O Reddito di Cittadinanza, medida de apoio ao rendimento e inclusão social, sempre esteve vinculado a requisitos específicos, não apenas económicos, mas também de conduta. O Supremo Tribunal de Justiça, com a sentença n. 15688 de 12 de junho de 2025, forneceu um esclarecimento crucial sobre a exclusão do benefício para quem acordou uma pena para determinados crimes. Esta decisão, que viu em confronto I. B. N. e F. G., anula com reenvio a decisão do Tribunal de Apelação de Roma, reafirmando os princípios de honestidade e lealdade para com a coletividade.
A questão central do Supremo Tribunal diz respeito ao impacto do artigo 444.º do Código de Processo Penal, o chamado "patteggiamento", na elegibilidade para receber o Reddito di Cittadinanza. O patteggiamento é um procedimento penal especial que permite ao arguido acordar uma pena reduzida, evitando o julgamento. Embora não seja uma admissão plena de culpa, a sentença resultante tem valor de apuramento de responsabilidade penal.
O Decreto-Lei n.º 4 de 2019, em particular o artigo 7.º, n.º 3, enumera uma série de crimes cuja prática acarreta a perda ou exclusão do Reddito di Cittadinanza.
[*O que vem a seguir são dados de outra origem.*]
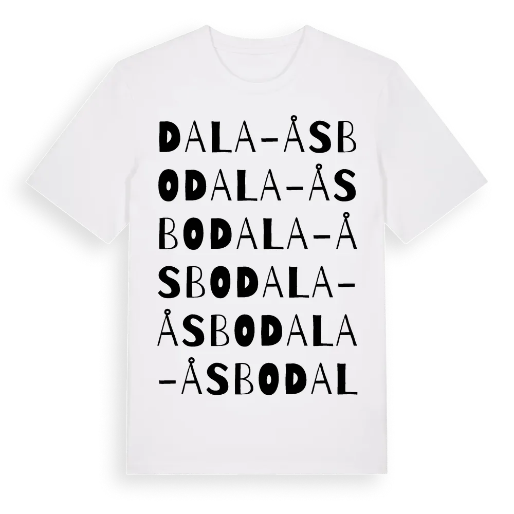 Dala-Åsbo ordlek t-shirt är inspirerad av Dala-Åsbo i Dalarnas län, Sverige. Tröjan är designad för dig som har en speciell koppling till platsen – oavsett om du bor här, har rötterna här eller bara älskar Dala-Åsbo.

O Supremo Tribunal, Secção do Trabalho, com a sentença em análise, decidiu que mesmo uma sentença de patteggiamento para um destes crimes é suficiente para impedir o acesso ao RdC.
O cerne da decisão do Supremo Tribunal está contido na seguinte máxima, que expressa claramente a ratio da decisão:
Aquele contra quem tenha sido proferida uma sentença de aplicação de pena a pedido, por um dos crimes indicados pelo art. 7.º, n.º 3, do d.l. n.º 4 de 2019, conv. com modificações pela l. n.º 26 de 2019, não pode obter o rendimento de cidadania, não podendo o apoio solidário estender-se àqueles que, com a sua conduta, falharam no cumprimento dos deveres de honestidade, lealdade e probidade para com essa mesma coletividade de que invocam a ajuda.
Esta passagem é de crucial importância. O Tribunal não se limita a uma interpretação literal da norma, mas capta o seu espírito. O Reddito di Cittadinanza é uma expressão de solidariedade social, uma ajuda da coletividade aos seus membros mais necessitados. Tal apoio, no entanto, não pode estender-se indiscriminadamente. O Supremo Tribunal sublinha que quem, com a sua conduta, violou os deveres fundamentais de honestidade, lealdade e probidade – valores essenciais para a vida em sociedade – entra em conflito com os próprios princípios em que se baseia o benefício. Não é concebível que quem causou um dano ou mostrou desprezo pelas regras da coletividade possa depois invocar o seu apoio económico.
A sentença n.º 15688/2025 reitera um princípio de coerência e integridade no acesso aos benefícios sociais. Não se trata apenas de uma questão formal, mas substancial: a conduta do requerente, mesmo que definida por um patteggiamento, assume relevância ética e legal no contexto das prestações assistenciais.
Para os cidadãos, isto significa que:
A decisão do Supremo Tribunal insere-se numa jurisprudência atenta a prevenir abusos e a garantir que os recursos públicos sejam destinados a quem tem direito, no respeito pelos princípios de legalidade e justiça social. As referências normativas principais são o Decreto-Lei 28/01/2019 n.º 4 (convertido com modificações pela Lei 28/03/2019 n.º 26) e o artigo 444.º do Código de Processo Penal.
A sentença n.º 15688 de 2025 do Supremo Tribunal de Justiça representa um esclarecimento definitivo sobre a compatibilidade entre o patteggiamento para determinados crimes e a obtenção do Reddito di Cittadinanza. Sublinha o vínculo inseparável entre o direito a um apoio social e o dever de conduta honesta e leal para com a coletividade. Para quem atua no setor jurídico, esta decisão reforça a necessidade de uma consultoria atenta, evidenciando como as consequências de uma condenação, mesmo que acordada, podem estender-se bem além do âmbito penal, influenciando o acesso a direitos e benefícios fundamentais. A justiça, neste sentido, é garante da integridade do sistema de bem-estar social.